Firoz Merchant (born 1958) is an Indian businessman, and philanthropist based in the United Arab Emirates. He is the Founder and Chairman of Pure Gold Group, which consists of FGM Holding, Pure Gold Jewellers, Pure Gold Real Estate Development, La Moda, and Pure Gold Manufacturing.

== Early life ==
After he left India, he expressed his desire to his father to move to Dubai and try his hand at the gold business, and in 1989, he moved to Dubai to set up his own gold and diamonds trading business, Pure Gold Jewellers.

==Philanthropy==
Merchant has been involved in a number of philanthropic activities that have provided help and support for various communities. Merchant has contributed towards correctional institutions in order to release prisoners belonging to various nationalities jailed in the UAE. Merchant announced he will spend 1 million US dollars (3.8 million dirhams) to help free prisoners who are behind bars in UAE due to non-payment of debts.

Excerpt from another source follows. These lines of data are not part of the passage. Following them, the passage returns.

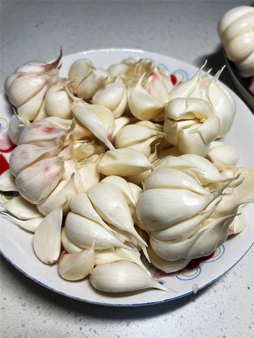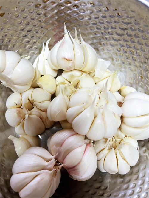 2. 然后,准备6斤新鲜大蒜,将外皮剥去一层备用。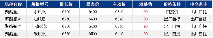 华东聚酯瓶片收于6340元/吨,涨跌值90元/吨,化工品维持上行态势,加之部分货源流通紧张,聚酯瓶片重心继续上扬。1-2月货源报盘6250-6400元/吨,递盘6200-6280元/吨,递盘以刚需买现货为主,报递盘价差较大,交投清淡。
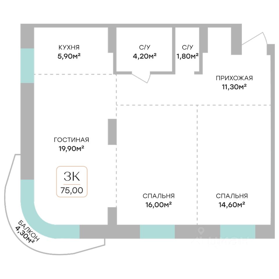Общая площадь75 м2

He has already paid 150,000 dirhams for the release of 132 prisoners from Ajman Central jail.

== Awards ==
- 2017, Community Service Medal/ Award by Sheikh Saif Bin Zayed Al Nahyan; Deputy Prime Minister and Ministry of Interior
- 2017, Business Excellence Award by the Indian Business and Professional Council (IBPC)
- 2017, Philanthropic Icon Award by the Indian Business and Professional Council (IBPC)
- 2016, Philanthropic of the year by Indian CEO Awards by ITP

== Personal life ==
As of 2021, Merchant resides in Dubai with his family and spends his leisure time in horse riding.